→ **What is expected**
Could you copy exactly the lines below from the one with "От Твери до" to the one with "ASOS DESIGN wide", inclusive, leaving out any pictures?

→ **Listed records**

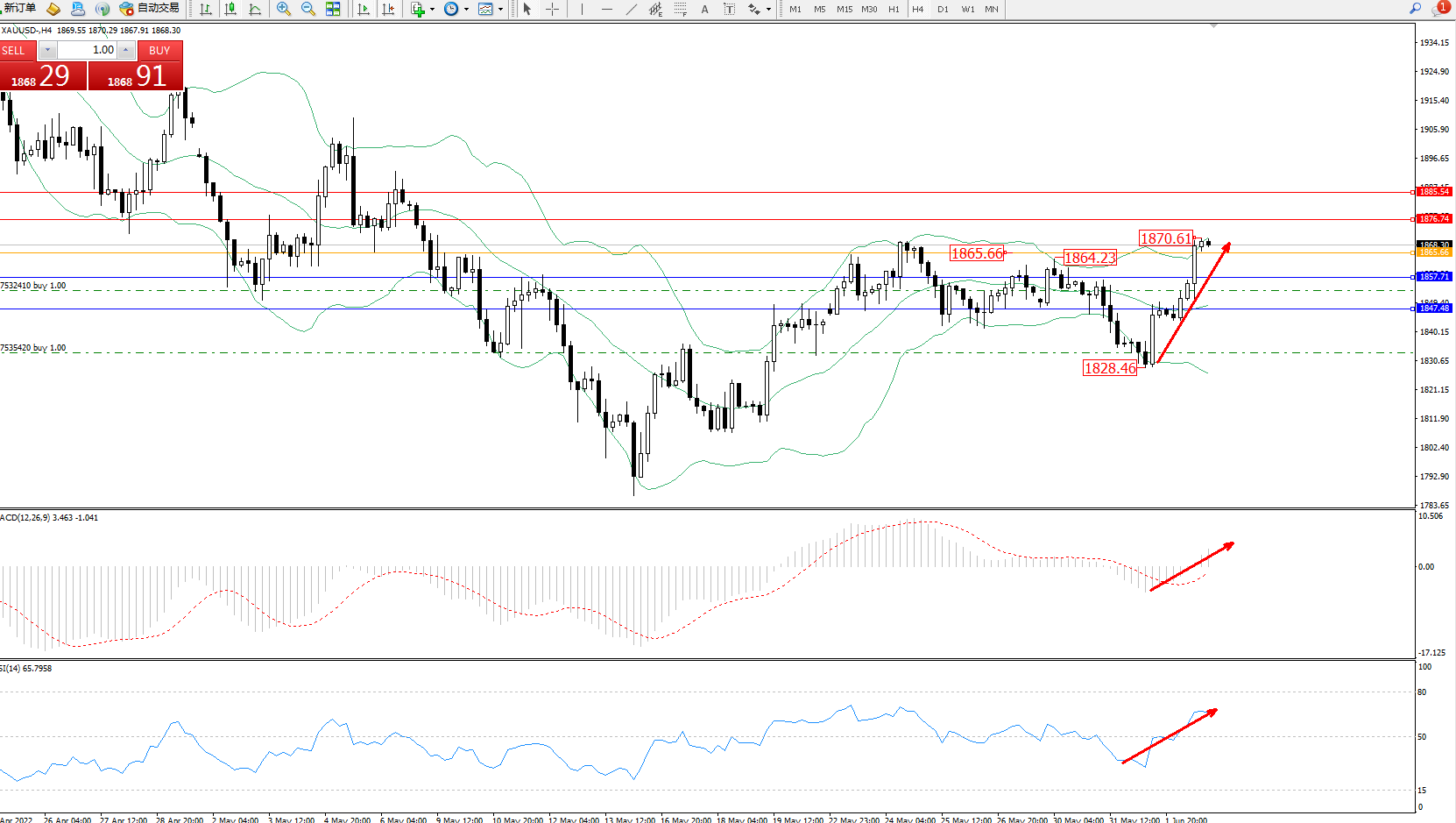交易策略:1865上方看涨,目标1876、1885
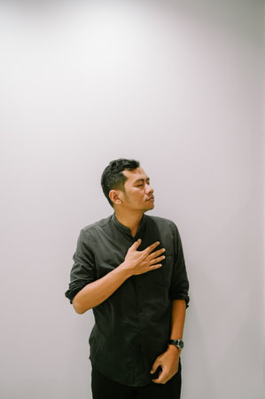 A young man stands indoors with a hand on his chest, expressing deep thought and emotion. His introspective gaze suggests contemplation or gratitude in a warm setting.
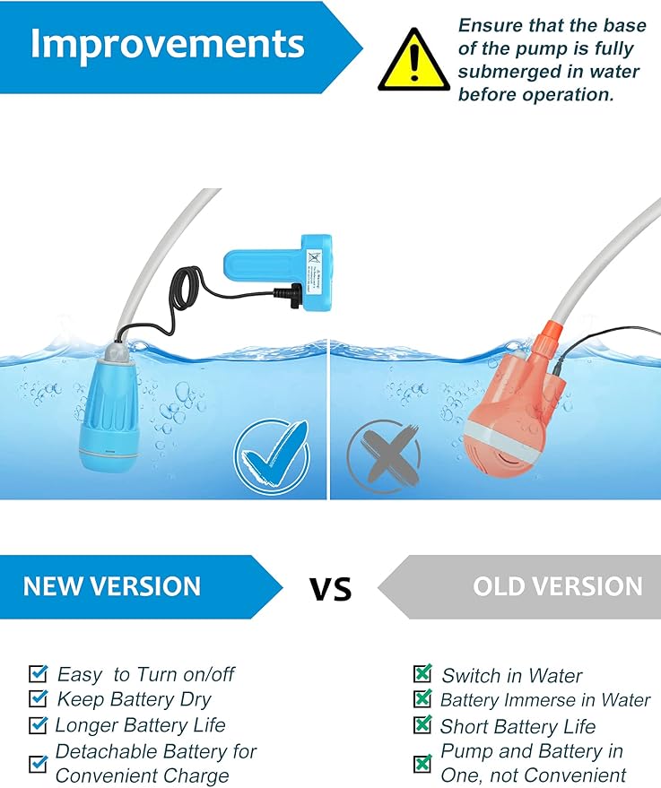 - EASY ASSEMBLY AND OPERATION: Attach pump and shower head to the hose. Fully immerse the pump in water and press the switch on battery to start. The camping shower offers gentle and comfortable stream at 0.9 gal/min (3.5 L/min).
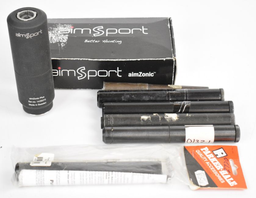 Six rifle or air rifle sound moderators including AimSport AimZonic in original box, Parker-Hale etc together with a Bisley 12 bore to .410 shotgun conversion sleeve. PLEASE NOTE THAT A VALID RELEVANT FIREARMS CERTIFICATE IS REQUIRED TO VIEW OR PURCHASE THIS LOT AND FOR ALL SHOTGUNS OR RIFLES PLEASE ENSURE YOU HAVE THE RELEVANT CERTIFICATE BEFORE BIDDING.
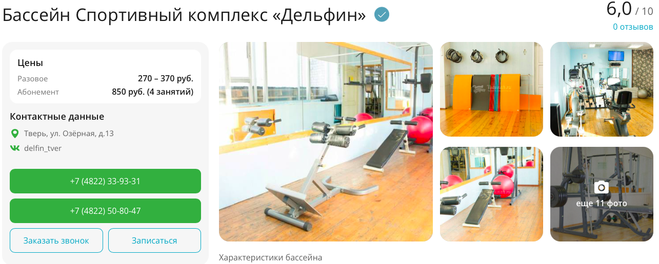 "Нет в Твери бассейна "Аквамарин". Он есть в Вышнем Волочке Тверской области. От Твери до
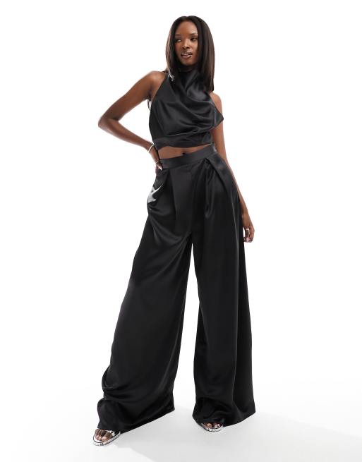 ASOS DESIGN wide leg satin trouser co-ord in black
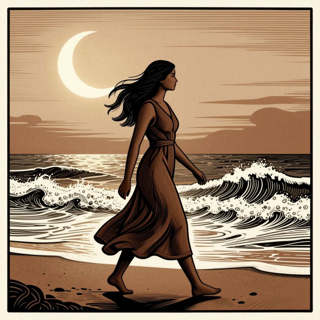 The image is a striking, balanced woodcut illustration featuring a woman walking along a beach shoreline at dusk. The woman, adorned in a flowing, draped garment, strides confidently towards the right side of the composition. Her long, dark hair flows freely, adding a sense of movement and grace to the scene. The crescent moon, glowing softly in the background, casts a warm, ethereal light over the scene, enhancing the tranquil atmosphere. The waves, depicted with dynamic, swirling lines, crash against the shore, creating a sense of rhythm and energy. The interplay of light and shadow, along with the rich, earthy tones of brown and beige, creates a harmonious balance between the woman, the sea, and the sky. The overall composition is carefully arranged, with the woman positioned centrally, the waves to her right, and the moon above, creating a visually pleasing and balanced arrangement.
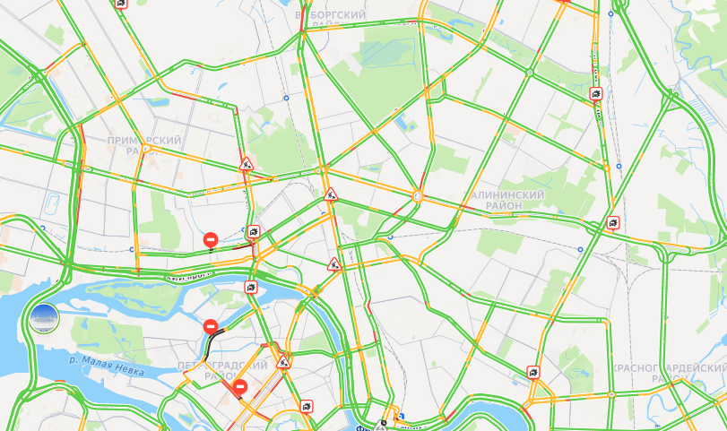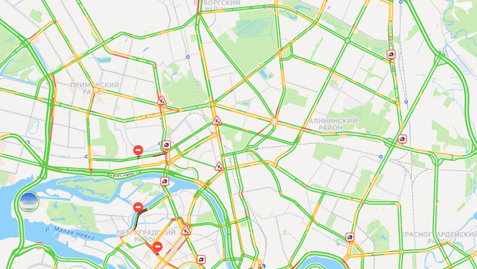 Судя по данным сервиса "Яндекс Пробки", несколько аварий тормозит движение у станций метро "Новая деревня" и "Чёрная речка", на улице Руставели, Шафировском проспекте.

→ **Solution for this problem**
 "Нет в Твери бассейна "Аквамарин". Он есть в Вышнем Волочке Тверской области. От Твери до
 ASOS DESIGN wide leg satin trouser co-ord in black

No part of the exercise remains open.